Portraits de la pensée : A. Tapié

Portraits de la pensée au Palais des Beaux Arts de Lille. Une visite guidée de l'exposition et une interview exclusive d'Alain Tapié, Commissaire général, Conservateur en Chef du Patrimoine, par Chantal Clouard.

« Comment la peinture peut-elle parvenir à figurer la pensée ?
Comment peindre l’âme capturée par quelque chose qui est encore en elle une énigme? (…)
Comment montrer l’univers psychique livré à l’absence de tout contenu identifiable? »

Telles sont les vertigineuses questions auxquelles répond Pascal Quignard dans un essai magistral du catalogue de l’exposition “Portraits de la pensée”, organisée par Alain Tapié au Palais des Beaux-Arts de Lille..

Le visiteur est saisi par le subtil dispositif scénographique de l’exposition: un cube gris central dans lequel il ne pénétre que par un sombre couloir, autour duquel est suspendue en rang serré, sur fond rouge, une série de portraits.

Sont ainsi réunis plus de cinquante tableaux des maîtres du XVIIe siècle, représentants de ce Siècle d’Or espagnol, effervescent sur le plan artistique, mais aussi des peintres d’Italie et de l’école caravagesque d’Utrecht.

Le “Platon” de Luca Giordano et “Le philosophe cynique” dialoguent avec les portraits de St Thomas de Diégo Vélasquez, avec “St Paul ermite,” “St Jérôme “et la “Sybille” de José de Ribera. “Démocrite le philosophe rieur ”de Johannes Moreels est confronté à l’ “Héraclite”, triste, tel que l’a représenté Hendricks ter Brugge.

Dans la tradition artistique, l’invisible trouve toujours à s’incarner dans un corps, dans un geste, dans la lumière qui surgit d’un visage, dans l’intensité d’un regard, que celui-ci soit extatique ou plongé dans une intense méditation philosophique.
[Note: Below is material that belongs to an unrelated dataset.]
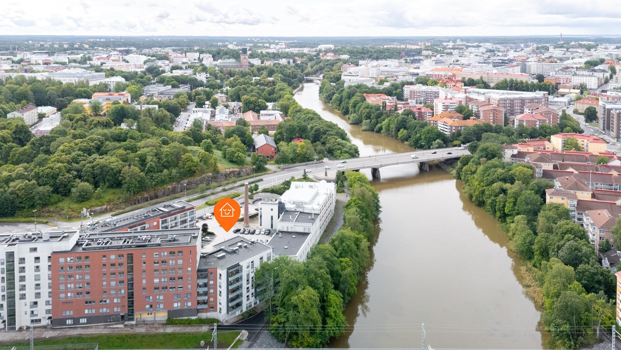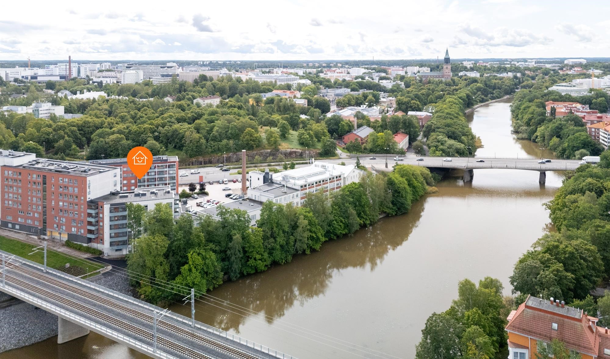 - Näkymät on Aurajoelle yli kevyenliikenteen väylän.

Profanes ou sacrés, les portraits qui se répondent dans la vaste galerie rouge que parcourt le visiteur sont autant d’allégories de la pensée, représentée par ses attributs: crâne, livres, bougie, mappemonde ou dépouillement du vêtement reflétant la richesse intérieure.

L’installation centrale, lumineuse et sonore de l’artiste américain, Bill Viola, consacrée à St Jean de la Croix, restitue et prolonge cette expérience de méditation.